The Guatemalan Presence in Burke County
Before the formal establishment of Burke County in 1777, the area that was originally populated by Indigenous Native Americans was settled by Europeans of Scots-Irish, French and German ancestry. Within less than a decade of their arrival, enslaved African-Americans were also present. In the late 1800s another set of European (Italian) settlers, the Waldenses, colonized eastern Burke County. With that, the county’s population consisted mainly of Black and white citizens until the late 1970s when Asians who were ethnic Hmong established a significant settlement in the area.
The most recent ethnic group to establish a very large presence in Burke County is the Guatemalan population, whose settlement here began in the 1990s.

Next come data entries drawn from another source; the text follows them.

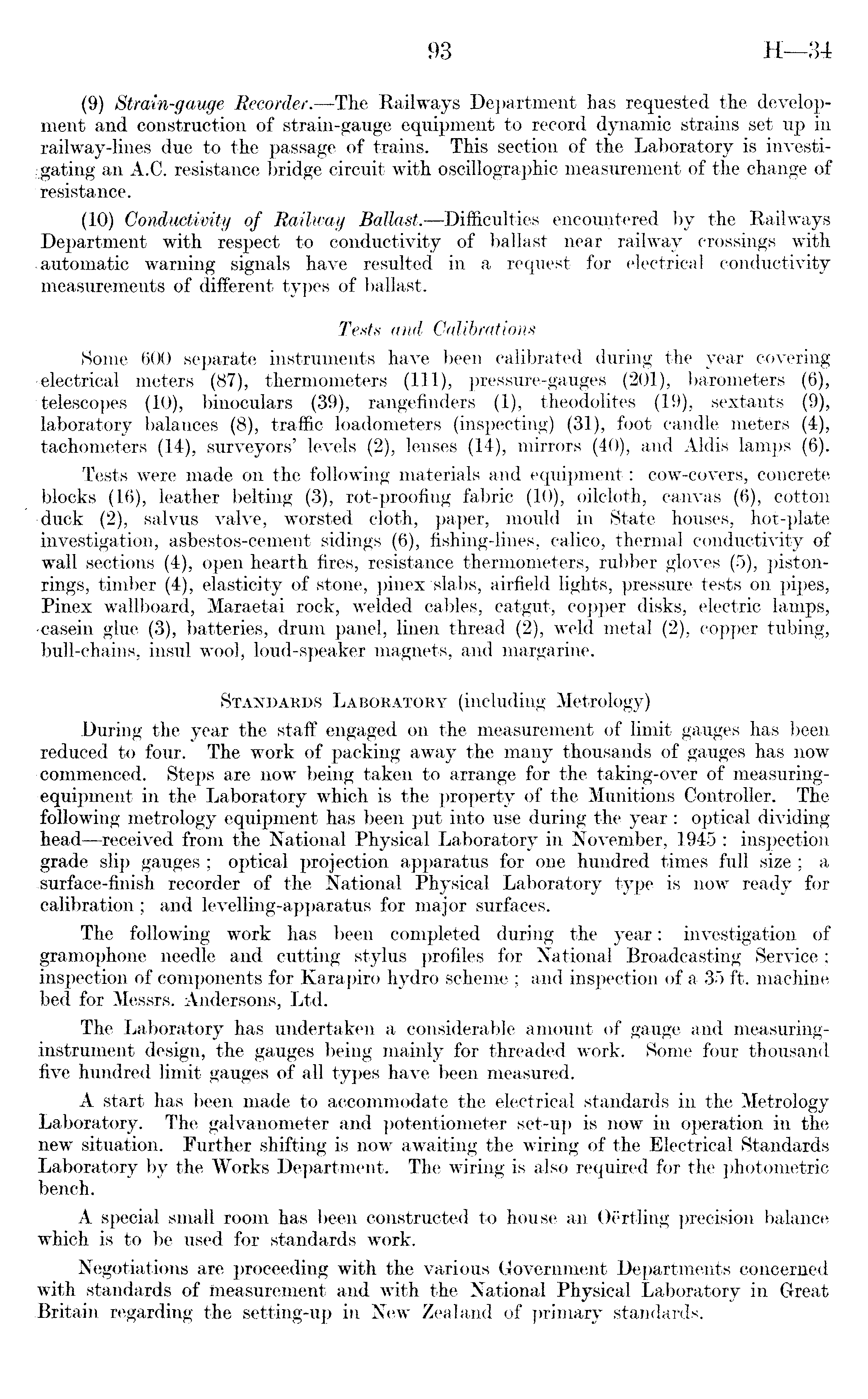 (9) Strain-gauge Recorder.—The Eailways Department has requested the development and construction of strain-gauge equipment to record dynamic strains set up in railway-lines due to the passage of trains. This section of the Laboratory is investigating an A.C. resistance bridge circuit with oscillographic measurement of the change of resistance. (10) Conductivity of Railway Ballast. —Difficulties encountered by the Eailways Department with respect to conductivity of ballast near railway crossings with .automatic warning signals have resulted in a request for electrical conductivity measurements of different types of ballast. Tests and Calibrations Some 600 separate instruments have been calibrated during the year covering electrical meters (87), thermometers (111), pressure-gauges (201), barometers (6), telescopes (10), binoculars (39), rangefmders (1), theodolites (19), sextants (9), laboratory balances (8), traffic loadometers (inspecting) (31), foot candle meters (4), tachometers (14), surveyors' levels (2), lenses (14), mirrors (40), and Aldis lamps (6). Tests were made on the following materials and equipment: cow-covers, concrete blocks (16), leather belting (3), rot-proofing fabric (10), oilcloth, canvas (6), cotton duck (2), salvus valve, worsted cloth, paper, mould in State houses, hot-plate investigation, asbestos-cement sidings (6), fishing-lines, calico, thermal conductivity of wall sections (4), open hearth fires, resistance thermometers, rubber gloves (5), pistonrings, timber (4), elasticity of stone, pinex slabs, airfield lights, pressure tests on pipes, Pinex wallboard, Maraetai rock, welded cables, catgut, copper disks, electric lamps, ■casein glue (3), batteries, drum panel, linen thread (2), weld metal (2), copper tubing, bull-chains, insul wool, loud-speaker magnets, and margarine. Standards Laboratory (including Metrology) During the year the staff engaged on the measurement of limit gauges has been reduced to four. The work of packing away the many thousands of gauges has now commenced. Steps are now being taken to arrange for the taking-over of measuringequipment in the Laboratory which is the property of the Munitions Controller. The following metrology equipment has been put into use during the year : optical dividing head —received from the National Physical Laboratory in November, 1945 : inspection grade slip gauges ; optical projection apparatus for one hundred times full size ; a surface-finish recorder of the National Physical Laboratory type is now ready for calibration ; and leveiling-apparatus for major surfaces. The following work has been completed during the year: investigation of gramophone needle and cutting stylus profiles for National Broadcasting Service; inspection of components for Karapiro hydro scheme ; and inspection of a 35 ft. machine bed for Messrs. Andersons, Ltd. The Laboratory has undertaken a considerable amount of gauge and measuringinstrument design, the gauges being mainly for threaded work. Some four thousand five hundred limit gauges of all types have been measured. A start has been made to accommodate the electrical standards in the Metrology Laboratory. The galvanometer and potentiometer set-up is now in operation in the new situation. Further shifting is now awaiting the wiring of the Electrical Standards Laboratory by the Works Department. The wiring is also required for the photometric bench. A special small room has been constructed to house an Oertling precision balance which is to be used for standards work. Negotiations are proceeding with the various Government Departments concerned with standards of measurement and with the National Physical Laboratory in Great Britain regarding the setting-up in New Zealand of primary standards.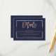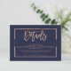 Carte D'accompagnement Rose or marine bleu script direction mariage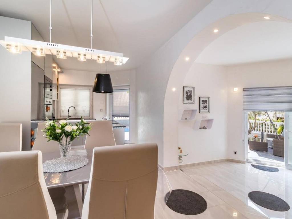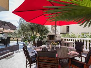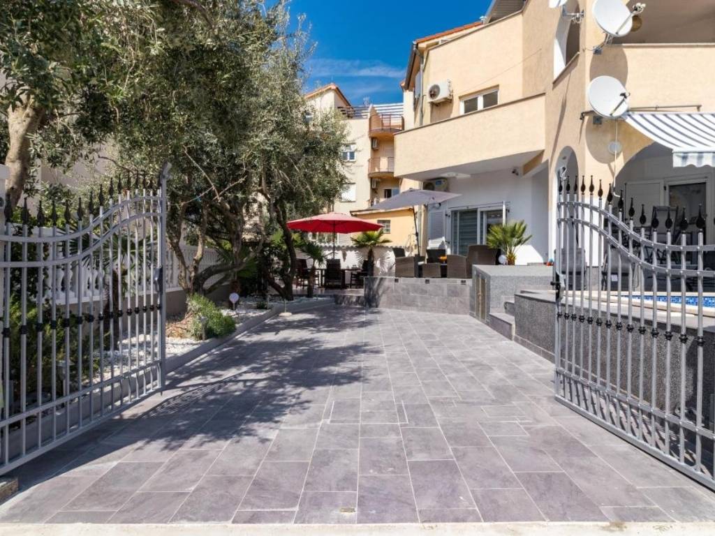 We present to you this comfortable apartment with a swimming pool in a great location in Medulin, only 400 m from the sea. The apartment is located on the ground floor of a building with a total of 5 apartments. The apartment consists of a living room with a kitchen and a dining room, 2 bedrooms, a bathroom, a hallway, a storage room and an adjoining part of the garden (terrace) with a total area of 142.77 m2. From the dining room there is an exit to the terrace where there is a 24 m2 outdoor pool, and next to the pool is a solar shower. . On the other side in the garden, there is a summer kitchen, grill, garden furniture. The apartment is modernly equipped and in a well-established rental business. More on request.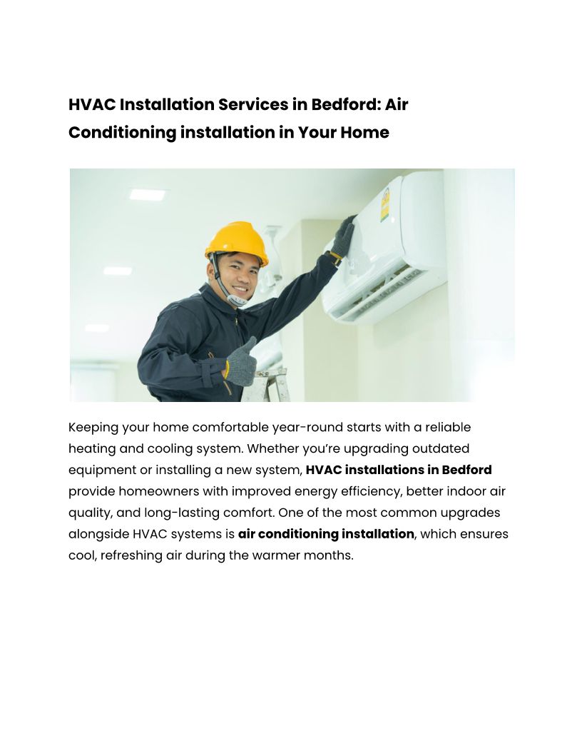 HVAC Installation Services in Bedford: Air Conditioning Installation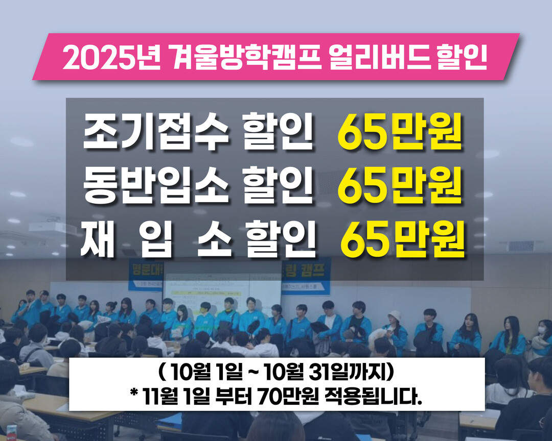 [피앤피뉴스=이수진 기자] 서울대 공신의 1:1 멘토링을 제공하는 2025 겨울방학 ‘위캔캠프’가 학부모들과 학생들의 뜨거운 호응 속에 빠르게 마감되고 있다.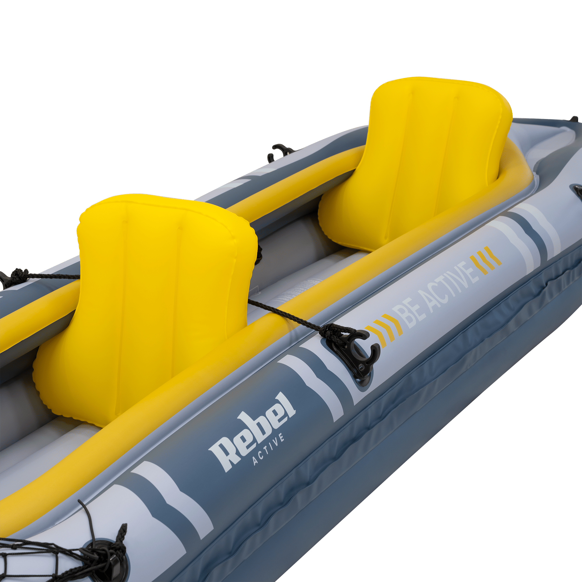Два надувні регульовані сидіння забезпечують комфортне положення для вас та вашого супутника. Міцні спинки з ПВХ підлаштовуються під ваше тіло, забезпечуючи стабільну підтримку спини та комфорт навіть у тривалих поїздках. Сидіння легко знімаються та складаються – після здування вони займають мінімум місця.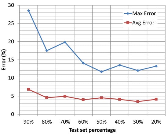 Drones in general have short battery life, and on the other hand, there is a need to reduce the effort put forth while taking field measurements. It is essential to specify the minimum percentage of the training class that would show acceptable results. Here, we examined the impact of reducing the training set’s size on the accuracy of the signal estimation. Instead of using the default division of 70:20:10 for training:validating:testing, different division values were tried for these classes. The chart in Figure 20 shows the average and the maximum error for using different values for the testing set, ranging from 90% until 20%. The error increases as the size of the testing set grows, as expected. However, the average error drops to less than 5% when testing with less than 80% of the data.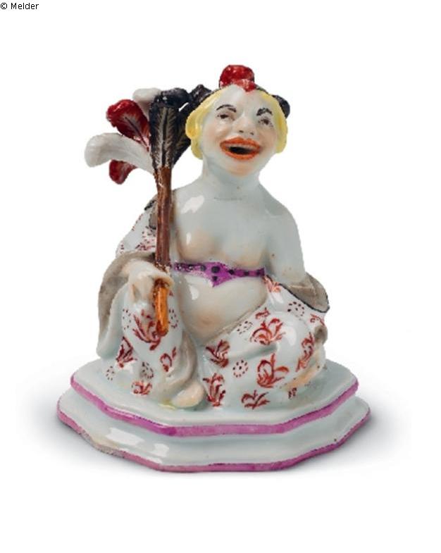 Schnorr von Carolsfeld: in ähnlicher Stellung wie Nr.25,26, auf gleichem Sockel. Die rechte Hand hält einen Wedel von schwarz, weiß und rot staffierten Straußenfedern an braunen Stiel, der auf der Schulter liegt. Der Kopf mit lachenden Gesichtsausdruck ist zurückgeneigt. Lippen rot, Augen braun, Brauen schwarz, Haarsträhne zitronengelb. Auf dem Kopf drei rot und schwarz staffierte Straußenfedern. Gewand weiß mit einem Muster eisenroter Zweige und Prunkrosetten, innen grau; der Bogenauschnitt am Nacken schwarz eingefaßt. Gürtel violett mit schwarzen Punkten. Sockel weiß mit purpurnen Streifen. Um 1725-30. Schwertermarke.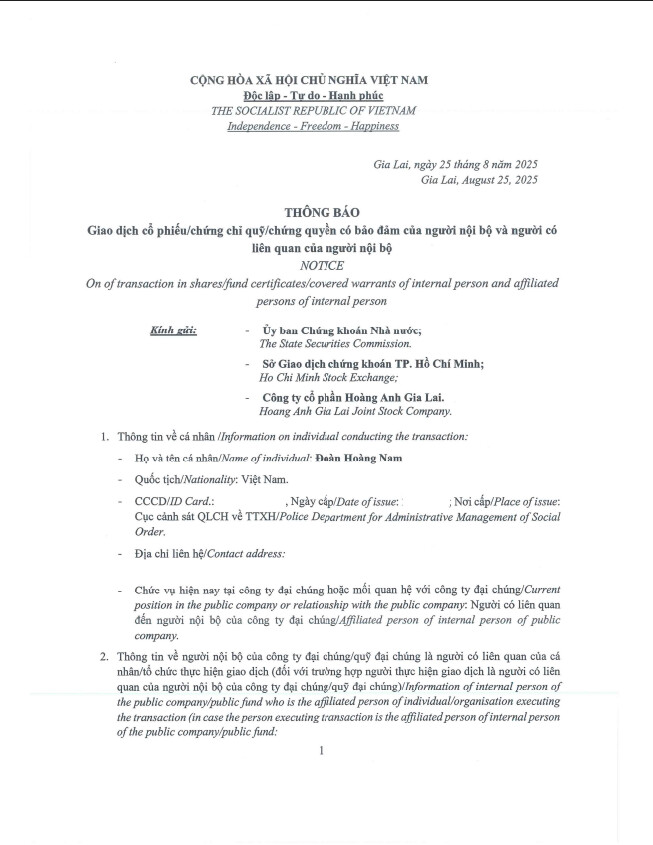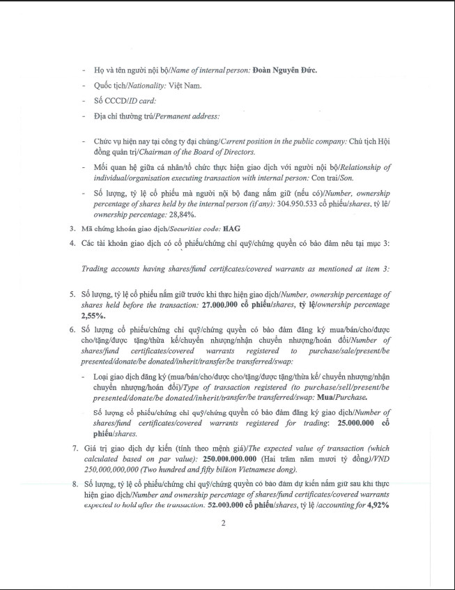 ông Đoàn Nguyên Nam - con trai bầu Đức công bố thông tin đăng ký mua thêm 25 triệu cổ phiếu HAG từ ngày 28/8 - 12/9 để nâng tỷ lệ sở hữu lên 4.92% vốn, tương đương 52 triệu cổ phần HAG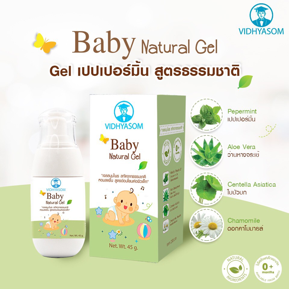เจลสมุนไพรสูตรเปปเปอร์มิ้น Vidhyasom Baby Natural Gel 45 กรัม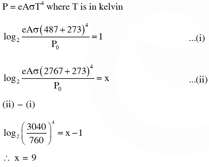 Q. A metal is heated in a furnace where a sensor is kept above the metal surface to read the power radiated (P) by the metal. The sensor has a scale that displays $\log _{2}\left(\mathrm{P} / \mathrm{P}_{0}\right)$, where $P_{0}$ is a constant. When the metal surface is at a temperature of $487^{\circ} \mathrm{C}$, the sensor shows a value 1. Assume that the emissivity of the metallic surface remains constant. What is the value displayed by the sensor when the temperature of the metal surface is raised to $2767^{\circ} \mathrm{C}$ ?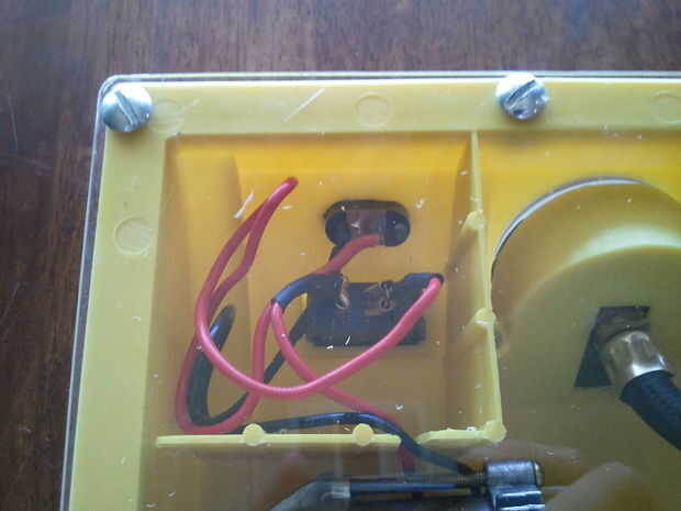 2) volver a los conductores de alambre el nuevo conector de alimentación. El motor del compresor pequeño sólo debe tener un alambre caliente y de tierra. Ahora se conectarán los cables que estaban conectados a la batería en el puente al puerto nuevo.

Dr. Leon Fink, who currently serves as Distinguished Professor of History at the University of Illinois and was formerly professor of history at the University of North Carolina at Chapel Hill, authored the book The Maya of Morganton. According to Fink, of twenty-one ethnically and linguistically distinct Indigenous Mayan groups, three primary groups followed the Guatemalan diaspora to Morganton to escape a deadly thirty-six year civil war and post-war economic oppression.
Many events led up to the war, one of which was a 1954 U.S. Central Intelligence Agency-backed coup that overthrew Guatemala’s democratically elected government, considering it a communist threat. An autocratic government replaced the democracy and most of the land laws that it had established to benefit poor farmers were repealed. Voting rights were taken away from illiterate citizens.
The Guatemalan Civil War began in 1960 when left-wing guerilla groups revolted against the government over unfair land distribution laws that privileged wealthy Guatemalans, most of whom were of European descent, and gave hefty business advantages to large foreign companies including America’s United Fruit Company. The war was marked by brutality and violence with many people executed and missing due to both governmental and guerilla military actions. By the time of the signing of the 1996 peace accord that ended the war more than 200,000 people had been killed, 83% of whom were Mayan. Ending the fighting, however, did not end the economic oppression of indigenous Guatemalans.
Many of the first Mayans in Burke County came to Morganton from Florida, where they had fled to escape the war and ongoing economic oppression. The seasonal citrus harvesting work that originally brought them to Florida became less available and less reliable, so in the 1990s refugees began to migrate from Florida to Morganton and others immigrated directly from Guatemala, many working at the local chicken processing plant, Case Farms.
The new Morgantonians were also attracted to this area by its proximity to the mountains and its topographical similarity to Guatemala. Sending for their families to join them, the Guatemalan community became the largest Hispanic ethnic group in Burke County over the next two decades, increasing their presence in the community by more than 800%.